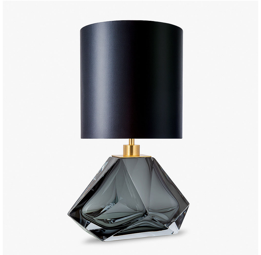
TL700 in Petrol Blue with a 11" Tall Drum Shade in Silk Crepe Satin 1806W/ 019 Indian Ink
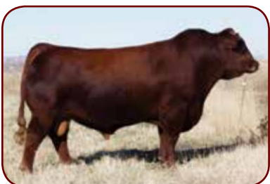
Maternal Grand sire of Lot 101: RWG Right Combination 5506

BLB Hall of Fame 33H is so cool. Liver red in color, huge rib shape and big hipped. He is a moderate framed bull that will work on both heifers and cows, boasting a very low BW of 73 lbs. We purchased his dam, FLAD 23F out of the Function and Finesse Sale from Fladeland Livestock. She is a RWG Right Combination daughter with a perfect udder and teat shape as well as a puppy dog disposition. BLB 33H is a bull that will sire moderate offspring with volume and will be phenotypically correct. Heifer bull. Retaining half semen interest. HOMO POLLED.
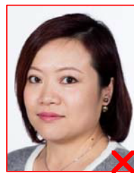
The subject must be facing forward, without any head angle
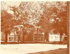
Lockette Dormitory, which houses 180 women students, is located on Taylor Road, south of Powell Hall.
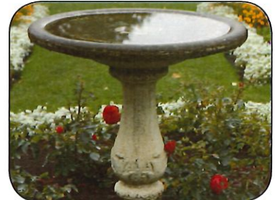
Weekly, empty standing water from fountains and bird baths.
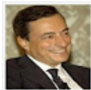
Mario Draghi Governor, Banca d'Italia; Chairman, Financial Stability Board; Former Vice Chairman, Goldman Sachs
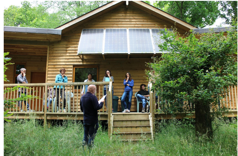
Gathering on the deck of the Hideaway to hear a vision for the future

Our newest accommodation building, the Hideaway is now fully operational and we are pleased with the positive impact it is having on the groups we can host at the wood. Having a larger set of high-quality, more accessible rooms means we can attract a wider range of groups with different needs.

= = = = = = =

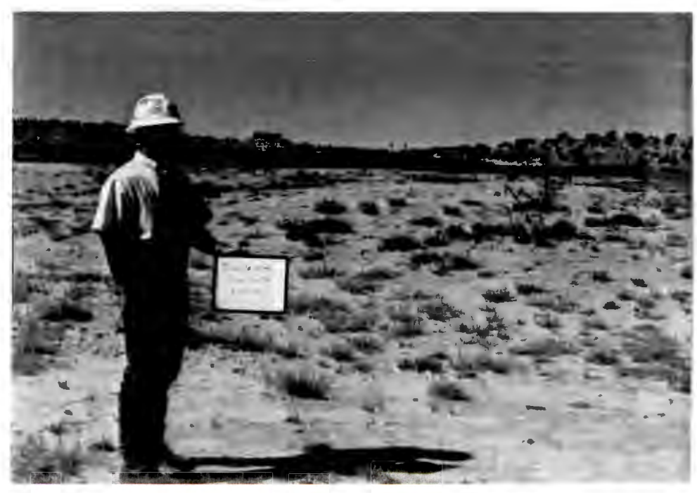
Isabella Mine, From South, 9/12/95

= = = = = = =

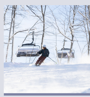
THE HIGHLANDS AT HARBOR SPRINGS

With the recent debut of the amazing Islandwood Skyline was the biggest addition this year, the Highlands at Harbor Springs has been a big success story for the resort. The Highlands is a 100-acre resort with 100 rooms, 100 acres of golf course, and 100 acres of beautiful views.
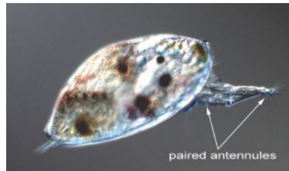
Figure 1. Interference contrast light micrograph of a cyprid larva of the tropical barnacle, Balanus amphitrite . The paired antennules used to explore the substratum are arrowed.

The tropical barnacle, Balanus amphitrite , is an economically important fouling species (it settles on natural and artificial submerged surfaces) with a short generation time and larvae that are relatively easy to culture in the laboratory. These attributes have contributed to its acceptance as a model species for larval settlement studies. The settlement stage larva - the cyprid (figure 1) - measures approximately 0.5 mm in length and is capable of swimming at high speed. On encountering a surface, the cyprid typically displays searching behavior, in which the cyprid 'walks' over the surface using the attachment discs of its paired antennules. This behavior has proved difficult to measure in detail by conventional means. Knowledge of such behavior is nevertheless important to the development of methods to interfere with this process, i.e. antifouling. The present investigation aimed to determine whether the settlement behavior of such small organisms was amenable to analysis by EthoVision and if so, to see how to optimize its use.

= = = = = = =

> What you will do: Going by the data above, give back only the lines from the one containing "TL700 in Petrol" through the one containing "BLB Hall of", exactly as they stand, both ends included and no images.

> Finished task:
TL700 in Petrol Blue with a 11" Tall Drum Shade in Silk Crepe Satin 1806W/ 019 Indian Ink
Maternal Grand sire of Lot 101: RWG Right Combination 5506

BLB Hall of Fame 33H is so cool. Liver red in color, huge rib shape and big hipped. He is a moderate framed bull that will work on both heifers and cows, boasting a very low BW of 73 lbs. We purchased his dam, FLAD 23F out of the Function and Finesse Sale from Fladeland Livestock. She is a RWG Right Combination daughter with a perfect udder and teat shape as well as a puppy dog disposition. BLB 33H is a bull that will sire moderate offspring with volume and will be phenotypically correct. Heifer bull. Retaining half semen interest. HOMO POLLED.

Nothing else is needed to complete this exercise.